Jokes (page 1)

One day, two University of Georgia students were out turkey hunting for Thanksgiving. One of the students starts having a stroke and he thinks he is dying, and he passes out. The other kid calls the police and says: "Hello, I think my partner here is dead - he isn't moving or anything." The operator replies: "Ok, its ok, go up to him and make sure he is dead." You hear a silence then all of a sudden you hear...BOOM! BOOM! The student comes back on the phone and says: "Yah, I took care of that, what now?"

Why does the St. Johns River flow north? ...... Cuz Georgia sucks!!!!!!!!

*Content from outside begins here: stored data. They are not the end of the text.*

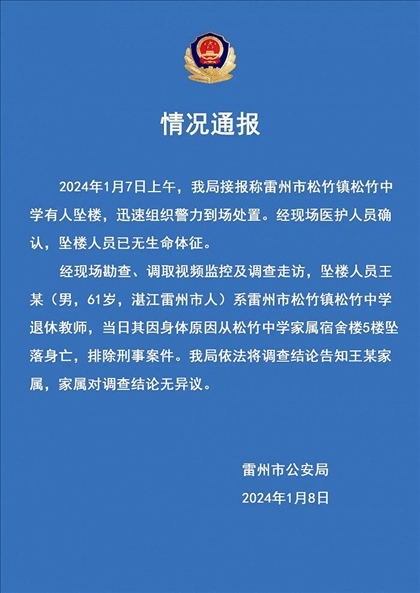 ·廣東湛江一中學老師墜樓,警方通報:排除刑事案件。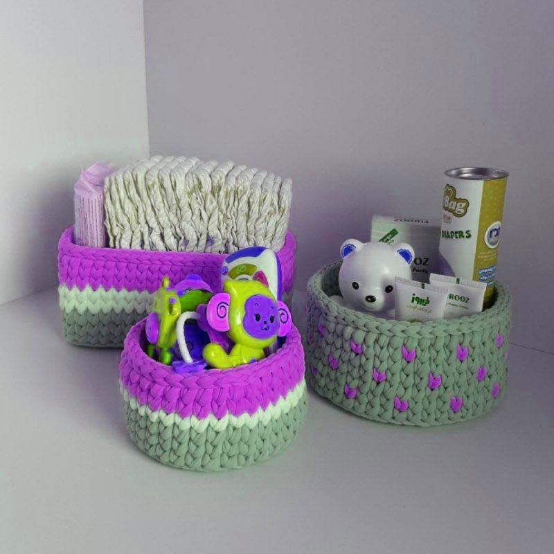 اگر دوست دارید اتاق کودک را با وسایل مدرن تزئین کنید این مجموعه را به شما پیشنهاد می کنیم. می توانید هر گونه وسیله کودک را در این سبدهای زیبا قرار دهید. ترکیب رنگ این سبدها را، تبدیل به زیباترین وسیله برای نظم دهی وسایل کودک کرده است. وسیله ای که در هر جای اتاق کودک که قرار دهید به عنوان تزئین نیز قابل استفاده می باشد. جنس سبد: نخ تریکو مرغوب و باکیفیت کاربرد: قابل استفاده به عنوان ارگانایزر لوازم کودک و نظم دهنده هر گونه وسیله اتاق جنس کف سبدها: چوب ام دی اف با ضخامت 3 میلیمتری جهت استقامت بیشتر کار ابعاد: سبد مستطیل بزرگ: 27x17x12 سانتیمتر سبد دایره بزرگ: 20x20x9 سانتیمتر سبد دایره کوچک: 15x15x8 سانتیمتر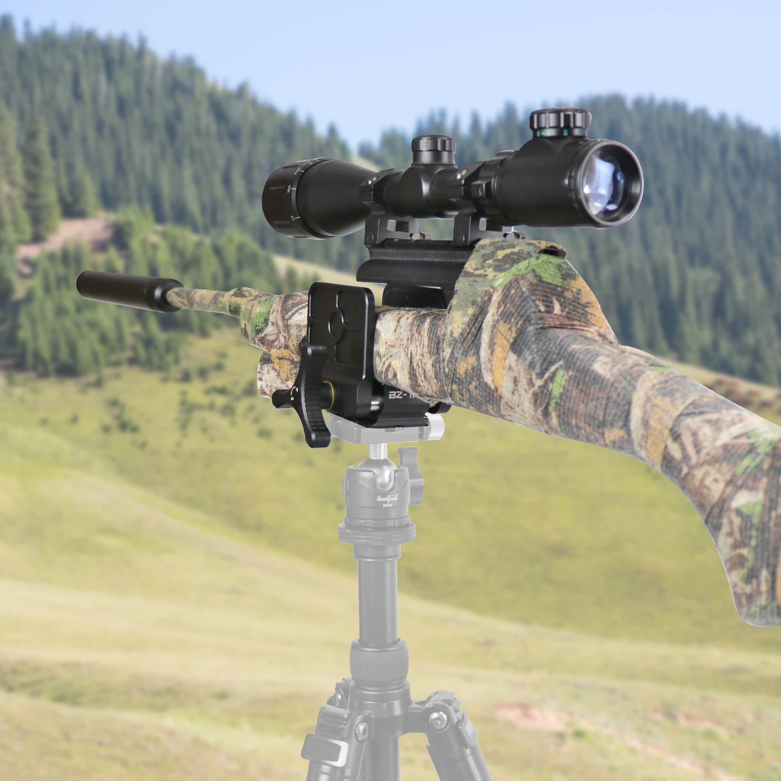 - The product is a clamp shooting tripod rest specifically designed for guns and rifles.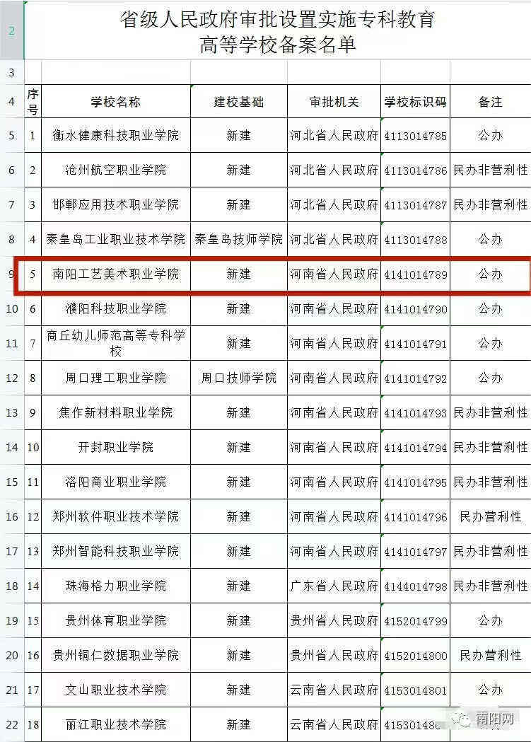 河南省人民政府关于设立南阳工艺美术职业学院等9所高校的通知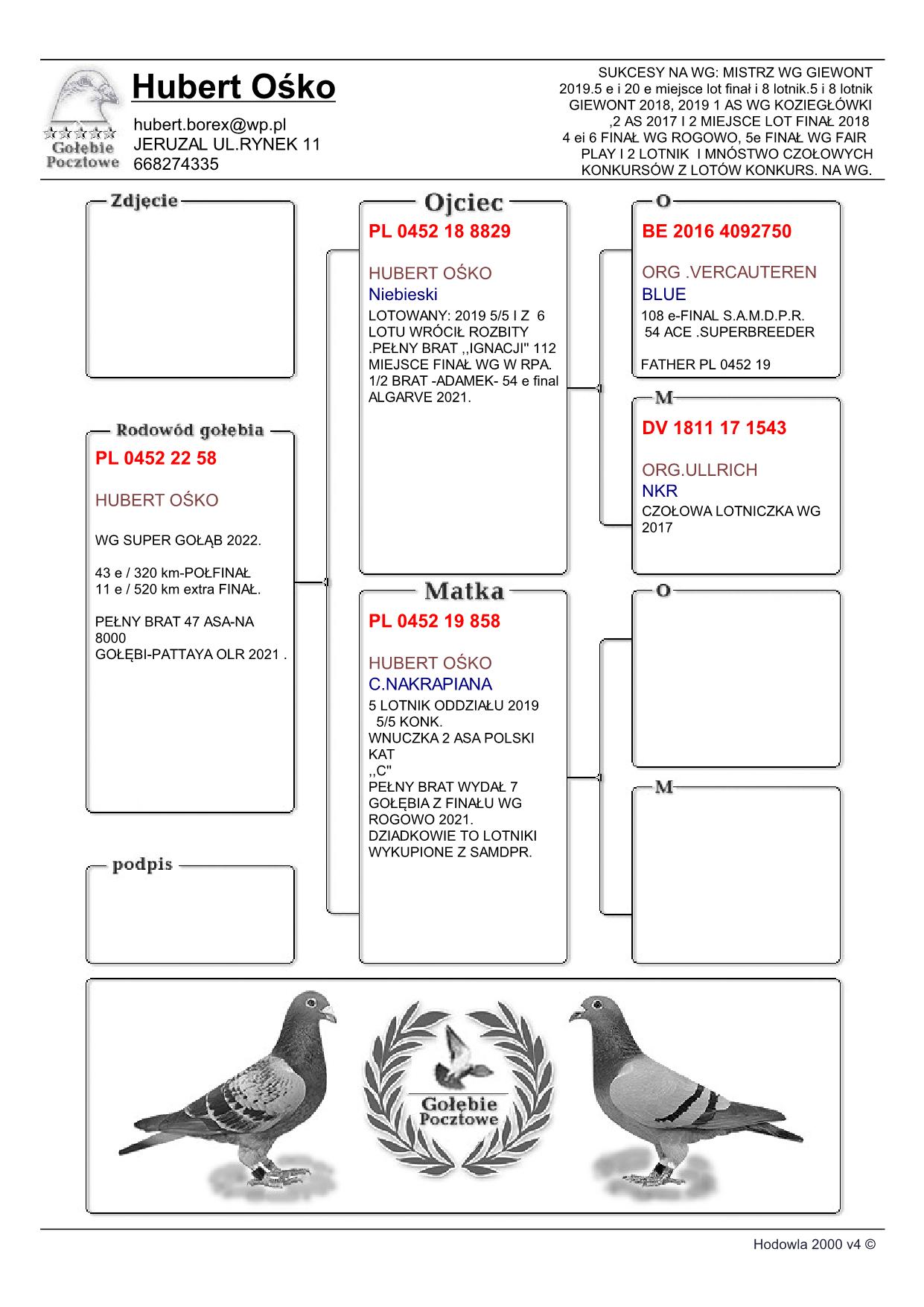 PL-0473-22-58 Ośko Hubert- 11 gołąb Super Cap

Why does a Georgia Bulldog place his diploma on the dashboard?...... So he can park in a handicapped zone!

An FSU grad sees an ad for a $99 cruise. So, he goes down to the travel agent and shells out his money. The travel agent then hits him over the head with a baseball bat, stuffs him in a sack, throws him out the back window onto a raft and cuts the raft loose. The FSU grad wakes up to find himself adrift, along with another FSU grad. The first FSU grad says "I hope they serve dinner on this cruise." The second FSU grad replies, "They didn't last year."

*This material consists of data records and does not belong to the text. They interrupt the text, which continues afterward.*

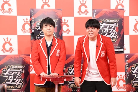 ネルソンズは前回4位。先日放送された「水曜日のダウンタウン」(TBS系)の「和田まんじゅうが抜けたら、青山は岸と2人でコンビとなるのか」というドッキリ企画の反響が大きかったそうで、青山フォール勝ちはそのオンエアについて「まだ5回しか観てない」という。男性ブランコは2021年のファイナリストだが、前回は準々決勝で敗退。これについて平井は「去年僕らはKOCに(準々決勝の)1回しか出てないです。悔しいです」、浦井も「去年は上がりきったハードルでつまずいた。一昨年までのものが何もなくなりました」と揃って悔しさをにじませた。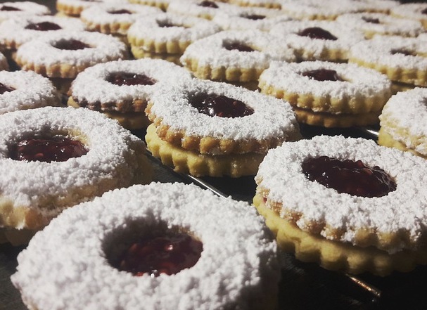 Als Beispiel haben wir das beliebte Klassiker-Rezept für Spitzbuben genommen – eine der beliebtesten Sorten in der Adventszeit. Rund 40 Stück ergeben sich aus: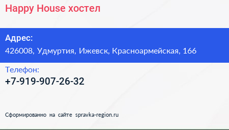 Happy House, хостел по адресу 426008, Удмуртия, Ижевск, Красноармейская, 166 в дальнейшем Организация, размещена в следующих категориях: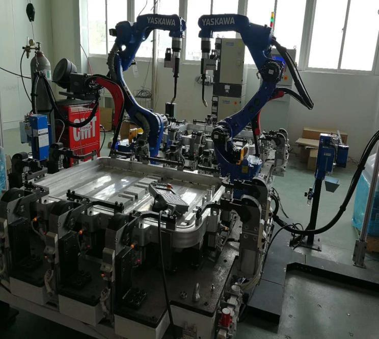 Ethernet digital communication is used for welding materials and connecting with robots.
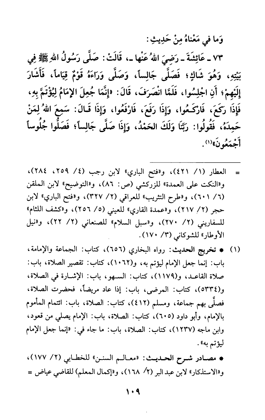 73 - عَائِشَةَ رضي الله عنها، قَالَتْ: صَلَّى رَسُولُ اللَّهِ - صلى الله عليه وسلم - فِي بَيْتِهِ، وَهُوَ شَاكٍ؛ فَصَلَّى جَالِساً , وَصَلَّى وَرَاءَهُ قَوْمٌ قِيَاماً , فَأَشَارَ إلَيْهِمْ؛ أَنِ اجْلِسُوا، فَلَمَّا انْصَرَفَ، قَالَ: «إنَّمَا جُعِلَ الإِمَامُ لِيُؤْتَمَّ بِهِ , فَإِذَا رَكَعَ، فَارْكَعُوا , وَإِذَا رَفَعَ، فَارْفَعُوا , وَإِذَا قَالَ: سَمِعَ اللَّهُ لِمَنْ حَمِدَهُ، فَقُولُوا: رَبَّنَا وَلَكَ الْحَمْدُ , وَإِذَا صَلَّى جَالِساً؛ فَصَلُّوا جُلُوساً أَجْمَعُونَ» (¬1).

The FSU football team was placed in a remedial English class. The professor asked the class, "Does anyone know what comes after a sentence?" All of the players raised their hands. "The appeal," they shouted with Seminole pride.

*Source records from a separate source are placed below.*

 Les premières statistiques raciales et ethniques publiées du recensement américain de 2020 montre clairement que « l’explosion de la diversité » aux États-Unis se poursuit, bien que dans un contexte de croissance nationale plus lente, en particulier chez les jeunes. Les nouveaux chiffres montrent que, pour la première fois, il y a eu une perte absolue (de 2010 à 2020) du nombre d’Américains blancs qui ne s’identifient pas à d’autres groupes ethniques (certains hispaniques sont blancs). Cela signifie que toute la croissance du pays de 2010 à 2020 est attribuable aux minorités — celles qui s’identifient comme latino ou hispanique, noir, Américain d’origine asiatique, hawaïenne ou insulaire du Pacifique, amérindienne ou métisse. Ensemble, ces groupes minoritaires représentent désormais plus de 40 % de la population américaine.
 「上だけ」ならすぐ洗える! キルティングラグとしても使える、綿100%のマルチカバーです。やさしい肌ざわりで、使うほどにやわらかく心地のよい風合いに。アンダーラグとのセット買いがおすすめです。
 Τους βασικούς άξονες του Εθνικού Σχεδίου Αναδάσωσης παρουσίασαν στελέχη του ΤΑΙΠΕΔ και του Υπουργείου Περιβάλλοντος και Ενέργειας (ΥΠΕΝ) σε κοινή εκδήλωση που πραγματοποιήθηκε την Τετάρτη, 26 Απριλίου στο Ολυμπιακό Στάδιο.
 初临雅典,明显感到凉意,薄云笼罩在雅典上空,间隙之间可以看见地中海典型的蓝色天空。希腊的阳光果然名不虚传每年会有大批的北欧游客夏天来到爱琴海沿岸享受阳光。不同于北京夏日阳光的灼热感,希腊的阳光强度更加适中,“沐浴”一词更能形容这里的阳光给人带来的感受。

Tennessee is the only state where road salt is a seasoning. (quoted from Jay Leno, on The Tonight Show, as he was discussing Tennessee's new road kill law)

Albert Einstein went to a party and asked people their I.Q. ....he asked this guy and the guy said,"120". Einstein said, "great, we can talk about nuclear fission". Then he asked this girl and she said,"110" and he said "great, we can talk about the angle of the worlds axis." Finally he went up to this guy and the guy said,"51" and Einstein said, "how bout them Vols!"

After Bobby Bowden dies and enters the Pearly Gates, God takes him on a tour.
He shows Bobby a little two-bedroom house with a faded FSU banner hanging from the front porch. "This is your house, coach. Most people don't get their own houses up here," God says. Bobby looks at the house, then turns around and looks at the one sitting on top of the hill.
It's a huge two-story mansion with white marble columns and little patios under all the windows. Gator flags line both sides of the sidewalk and a huge Gator banner hangs between the marble columns. "Thanks for the house, God. But let me ask you a question. I get this little two-bedroom house with a faded banner and Spurrier gets a mansion with new Gator banners and flags flying all over the place. Why is that?" God looks at him seriously for a moment. "That's not Spurrier's house," God says. "That's mine."

What do you call a drug ring in Tallahassee?........A huddle.

What do FSU grads call UF grads?....... BOSS!

Directions to Tallahassee. Go north 'till you smell it. Go west 'till you step in it.